I found also a rstanarm implementation: here \rho=0.07. In the same post he plotted the individual correlation for each participant


which looks like the ones I plotted too (with a correlation of \rho=-0.5). So I would conclude, as you said, that we cannot estimate the correlation between the random effect by looking at the correlation of their posterior samples

I obtained values that seem wrong. The following represents the distribution of \rho computed from each MCMC sample as

rho = []

for i in gamma_Z:
    rho.append(np.corrcoef(i.T)[0, 1])

where gamma_Z has shape (nsubject, 2). np.corrcoef assumes that each row of represents a variable, and each column a single observation of all those variables, hence the transpose T command.

I do not know how to interpret this result. Does it mean that modelling random effects without correlation matrix is wrong? As suggested in the post you linked Covariance of multiple varying coefficients in hierarchical models we are posing a strong prior on the random effects to be independent (but the data attempt to say otherwise).

image

Given the above, \rho_a does not agree well with \rho_b. But \rho_b agrees with the brms results.

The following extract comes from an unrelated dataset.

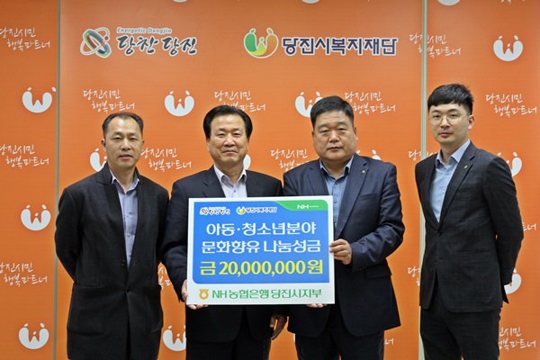 NH농협은행 당진시지부(지부장 차종현, 이하‘당진시지부’)가 6일 시출연기관인 당진시복지재단(이사장 왕현정, 이하‘복지재단’)을 방문해 우리 지역 내 아동・청소년들의 문화 활동 증진을 위해 사용해 달라며 2천만원을 기탁했다.

I then check whether computing the \rho from the MCMC samples, agrees with \rho computed from the cholesky matrix

    covariance_matrix = pm.Deterministic('covariance_matrix', tt.dot(chol, chol.T))
    
    # Extract the standard deviations and rho
    standard_deviations = pm.Deterministic('standard_deviations', tt.sqrt(tt.diag(covariance_matrix)))
    correlation_matrix = pm.Deterministic('correlation_matrix', tt.diag(standard_deviations**-1).dot(covariance_matrix.dot(tt.diag(standard_deviations**-1))))
    rho = pm.Deterministic('rho', correlation_matrix[np.triu_indices(2, k=1)])

image

I would expect them to be almost identical, but they are not. Maybe, in general, it is not a good idea to compute the correlation from MCMC samples then.


#17

Thanks for the detail investigation! I guess that concludes that: the literatures were right, you do need a cov matrix for random effect.

A follow up analysis would be to compare LOO and WAIC between the two models. As visually the model without cov for random effect seems to fit fairly good as well.


#18

I have to thank YOU, and the awesome job you do at helping the community!

Yes, I think I should do that. And wrap up the analyses we did in a nice notebook. Thank you again.


#19

I ran a quick test. It seems the “simpler” model, without modelling the covariance matrix, is slightly better then the one that includes the covariance matrix. On both models I got some warnings when computing WAIC and LOO, so the results may not be super trustworthy. Anyway, it gives an idea I guess.

Model WAIC LOO
w\o covariance matrix 1718.72 1722.01
w\ covariance matrix 1719.59 1723.77

Further investigation is needed :stuck_out_tongue:


Covariance of multiple varying coefficients in hierarchical models
#20

Hi @junpenglao, I asked in the STAN forum if it is possible to recover the correlation coefficient from the posterior samples (see here). In theory our approach is correct, but we would need way more samples to get a proper estimation.